- IATA: none; ICAO: VE41;

Summary
- Airport type: Public
- Owner: State Government
- Operator: Airport Authority of India
- Serves: Giridih
- Location: Giridih, Jharkhand

Runways
| Direction | Length |  | Surface |
| ft | m |
| 11/29 | 2.953 | 900 | Asphalt |

= Giridih Airport =

Airport in Giridih, Jharkhand, India

Giridih Airport, also known as Boro Aerodrome, is a public airport that is located in Giridih, Jharkhand, India. The airport currently does not have any scheduled commercial services and is used only by private companies and government aircraft.

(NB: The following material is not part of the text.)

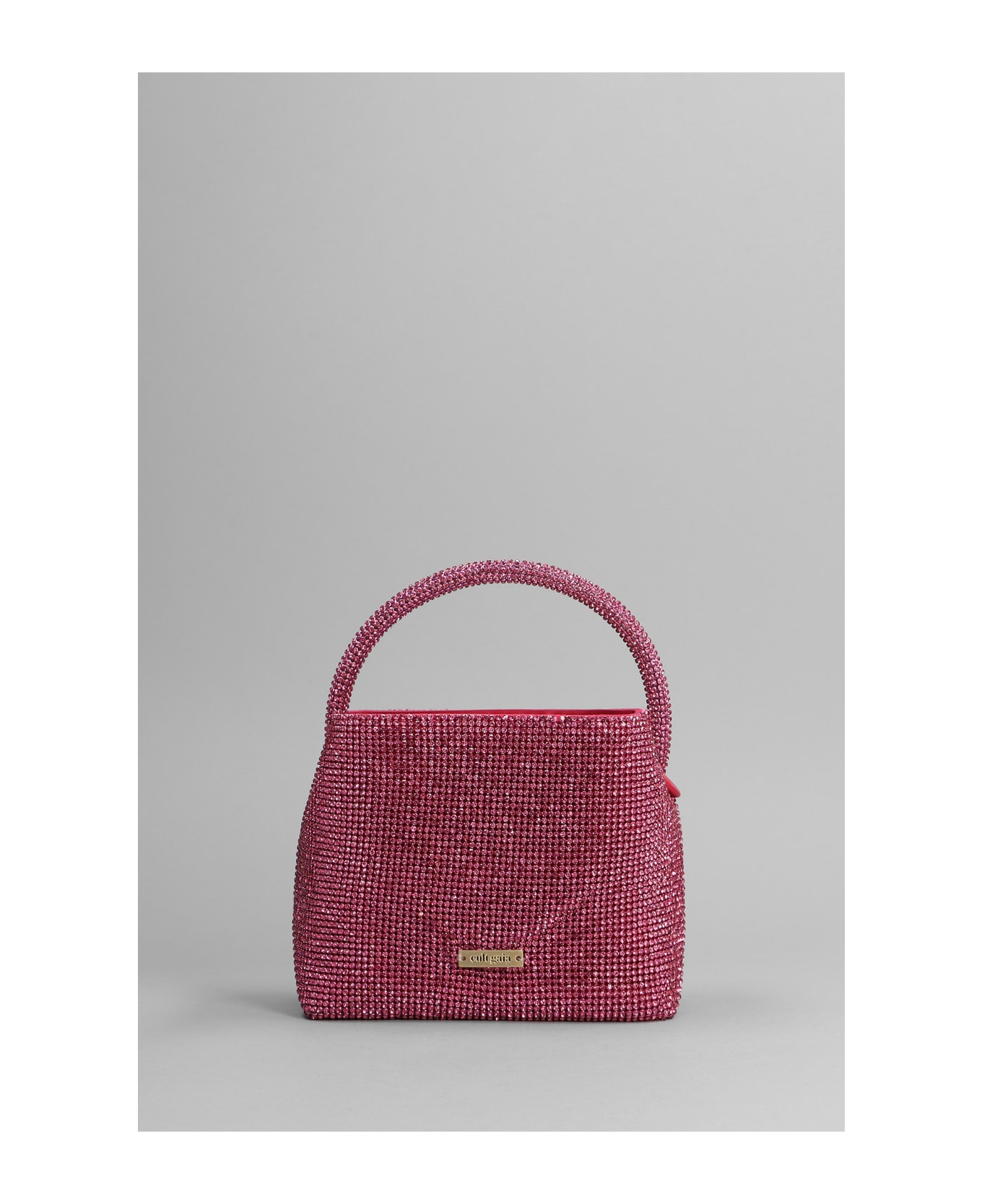Solene mini Hand bag in rose-pink synthetic fibers, Height 120 mm, Width 145 mm, Width 145 mm, hard top handle, magnetic closure, crystals detail, Made in China
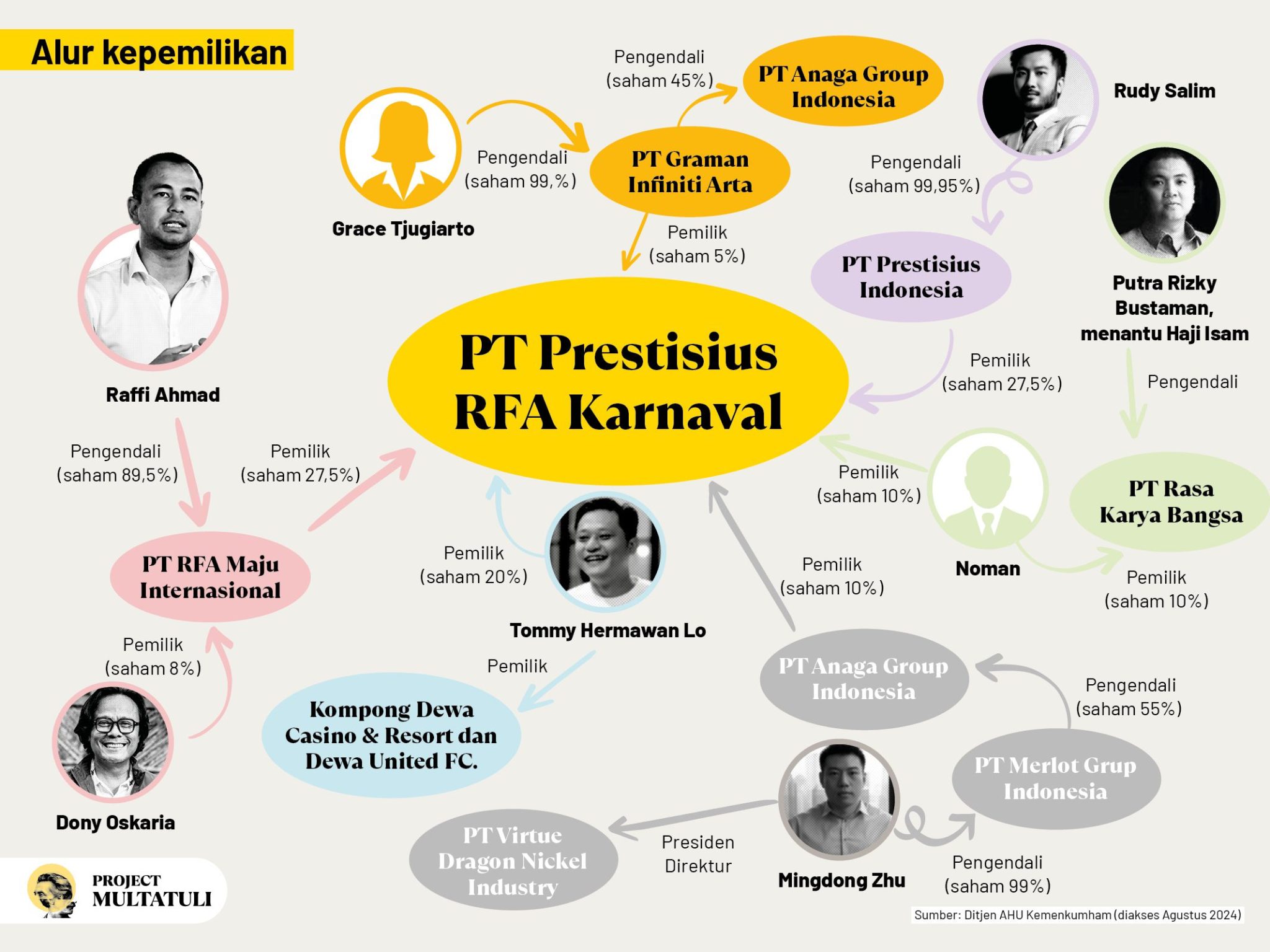 Relevan dengan ucapan Egi, di bisnis Raffi, ada Dony Oskaria, Direktur Utama PT Aviasi Pariwisata Indonesia (Persero) atau InJourney, perusahaan induk BUMN. Dony memiliki saham di PT Rans Entertainmen Indonesia dan PT RFA Maju Internasional.

The ownership of Airport belongs to the State Government of Jharkhand. The State Government has planned to develop the airport for operation of small aircraft under Regional Connectivity Scheme (RCS) and has requested Airports Authority of India (AAI) to assess the feasibility for proposed development and operationalization of the airport. Accordingly, a multidisciplinary team has visited the site and a prefeasibility report for the same has been submitted to Govt. of Jharkhand on 16.05.2018. No bid has been received from any airline operator for connecting Giridih airport during the first two rounds of RCS bidding.

The airport's expansion is underway by acquiring 25.04 acres of private land a cost of 60 crores for the commencement of scheduled passenger services.